• **Dataset extract**:

══════

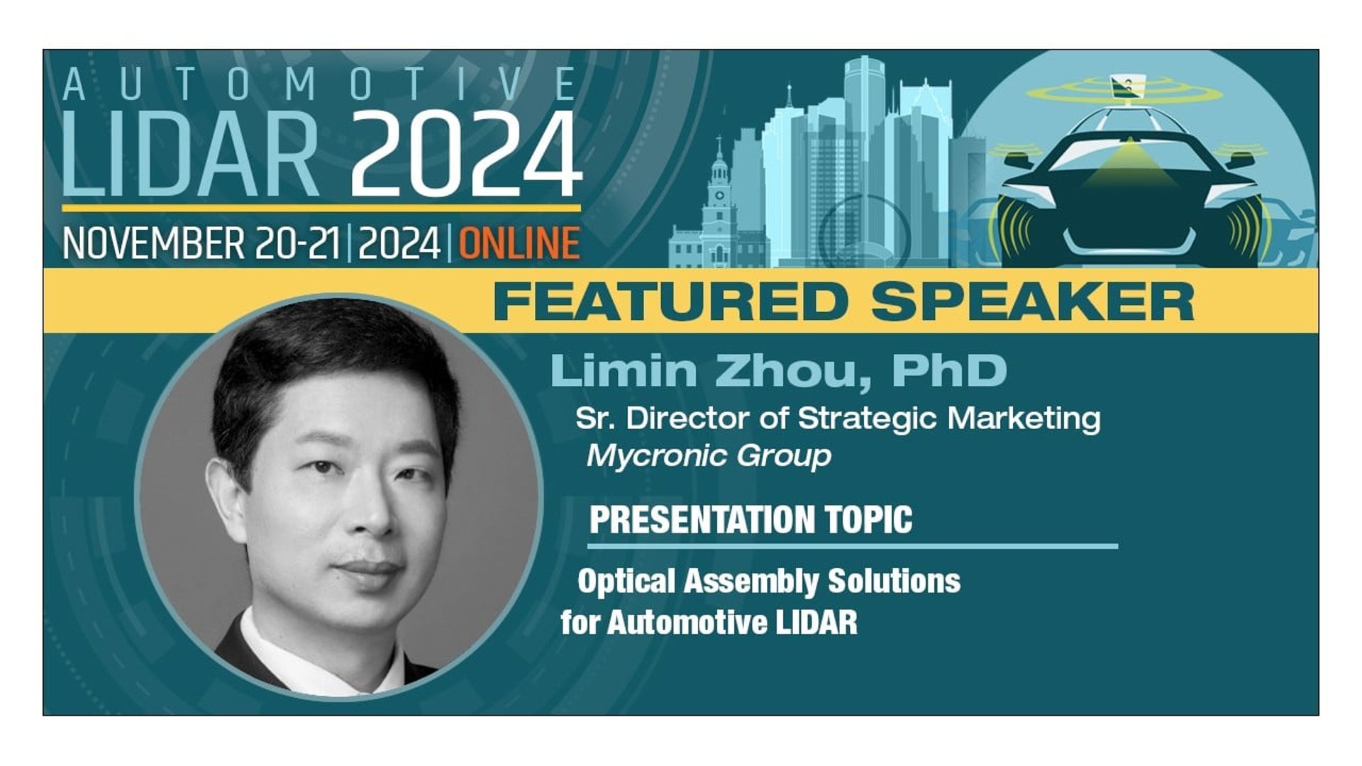 Dr. Limin Zhou from MRSI Mycronic will present "Optical Assembly Solutions for Automotive LIDAR" on Thursday, November 21st, 2024. The presentation will explore automotive LIDAR trends in package development and optical assembly requirements. Dr. Zhou will demonstrate comprehensive optical assembly solutions for automotive LIDAR, encompassing high-precision die bonding and active alignment processes.
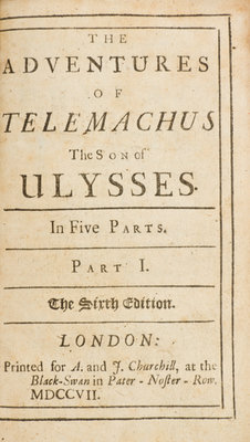 The Adventures of Telemachus, the Son of Ulysses. London: A. and J. Churchill, 1707.5 parts in one. Small 8vo, rebound in full calf. Sixth edition. Wear to boards; renewed endpapers; foxing throughout.
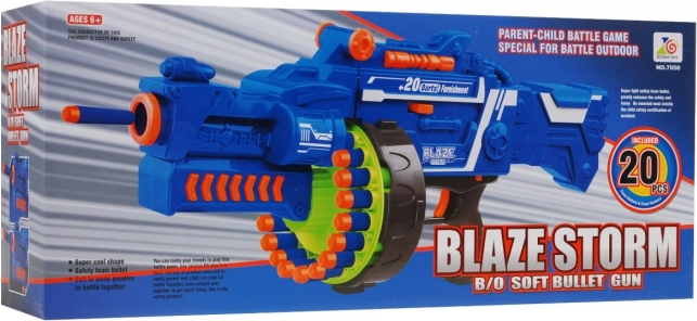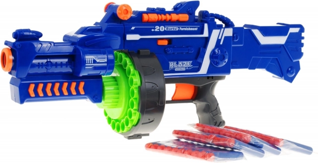 Regala ai bambini un divertimento d’azione con il blaster BLAZE STORM – uno spara‑dardi semi‑automatico con caricatore a tamburo da 20 dardi, motore elettrico e cadenza di tiro fino a 3 dardi al secondo. Offre gittata di circa 10 m, dardi in schiuma sicuri e sicura del grilletto. Adatto ai bambini dai 6 anni. Alimentazione 5× AA (non incluse).
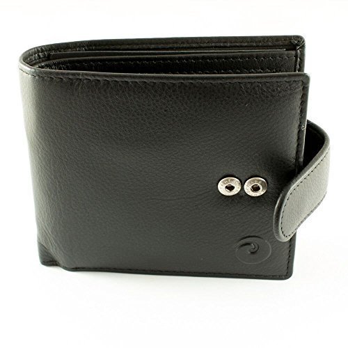 - Wallet is secured with a leather tab with double position press stud fastener
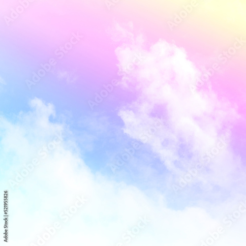 Colorful sky with soft white clouds and the crossing of rainbows. pastel colored magical fantasy background. Sweet Dreams concept for Wallpaper, Backdrops and Design.
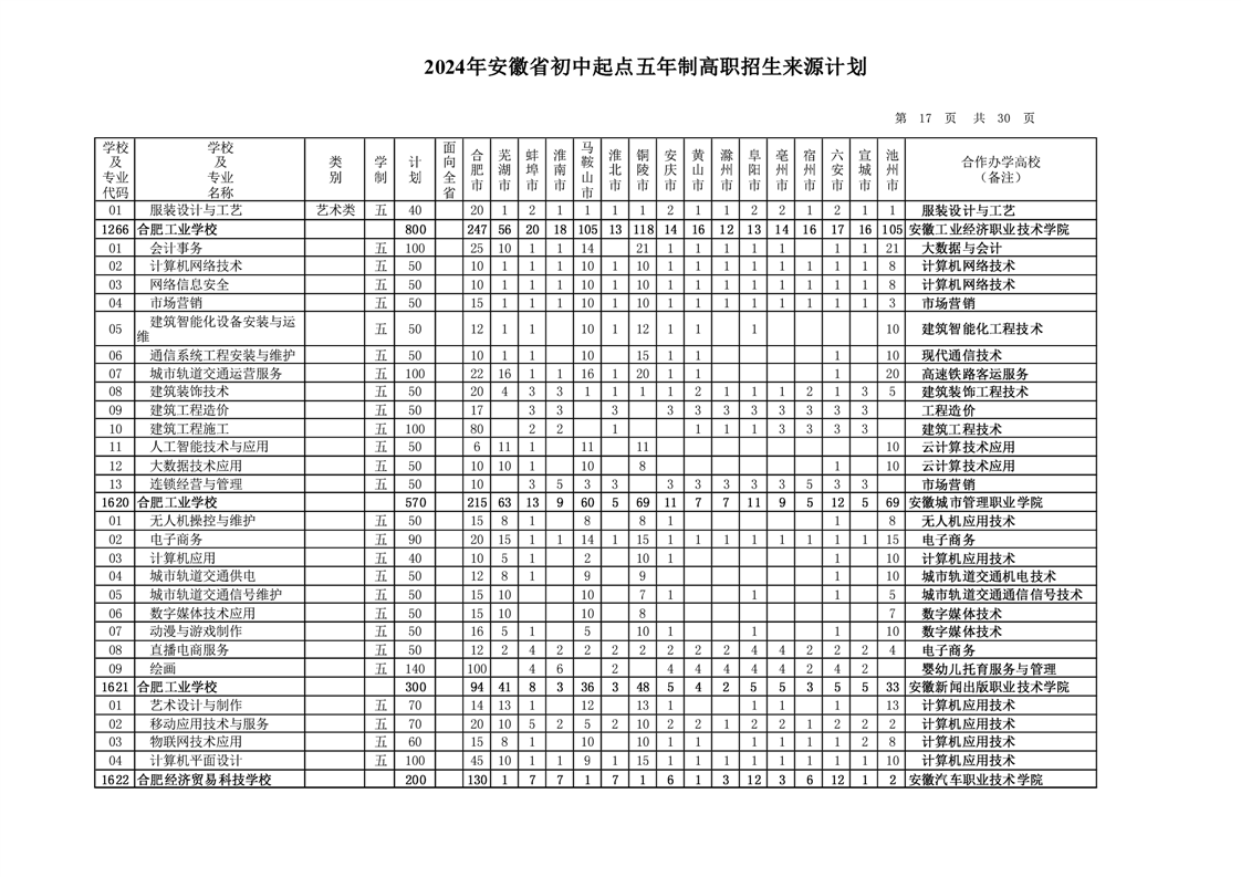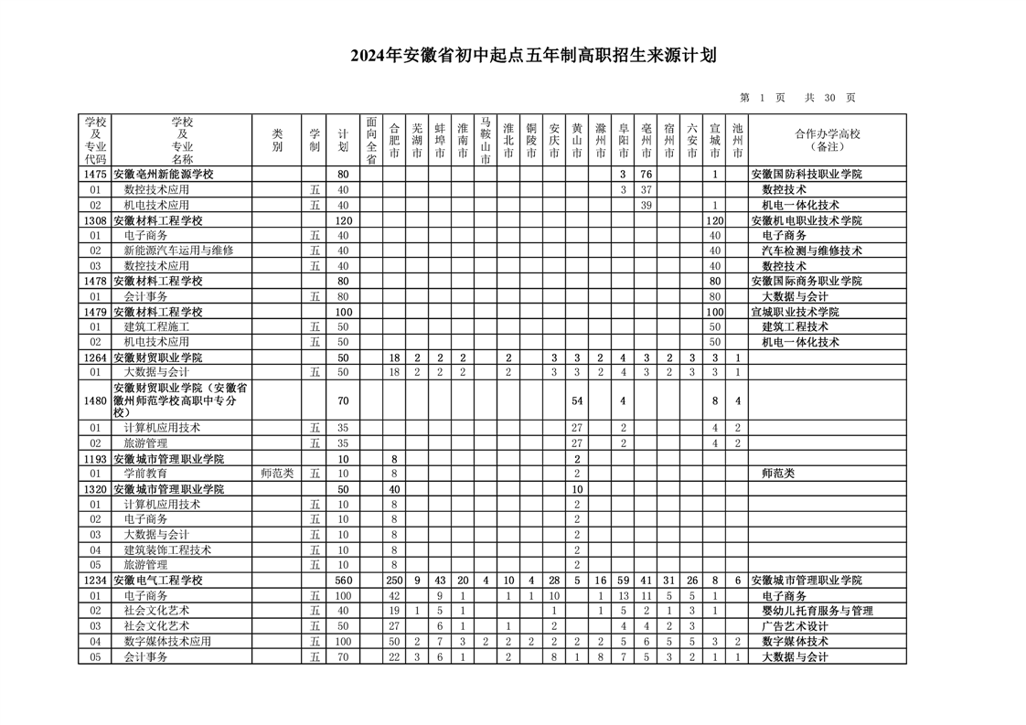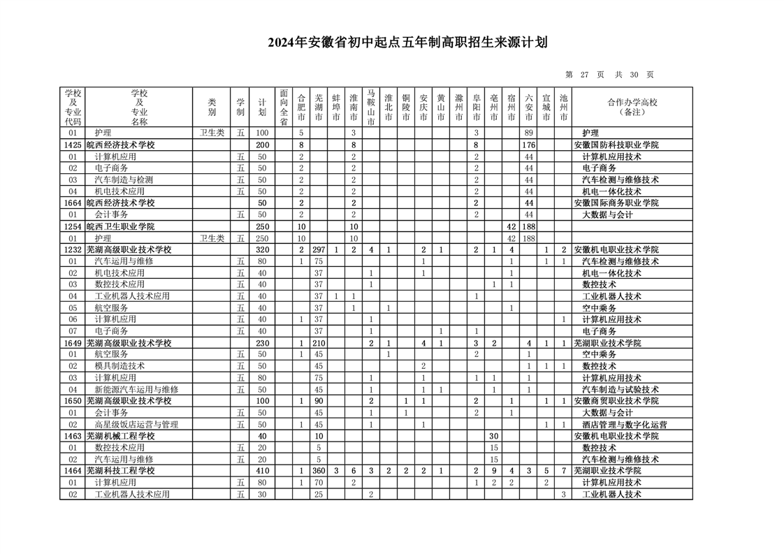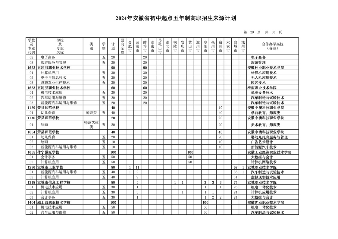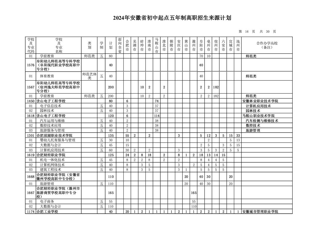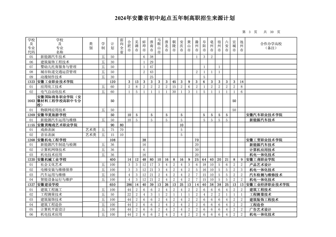 安徽省教育招生考试院关于印发2024年安徽省初中起点五年制高职招生来源计划的通知

══════

• **Exercise prompt**: Print exactly the lines from the line with "Colorful sky with" through the end of the data, both ends included, and print no pictures.

• **Solved exercise**:
 Colorful sky with soft white clouds and the crossing of rainbows. pastel colored magical fantasy background. Sweet Dreams concept for Wallpaper, Backdrops and Design.
 安徽省教育招生考试院关于印发2024年安徽省初中起点五年制高职招生来源计划的通知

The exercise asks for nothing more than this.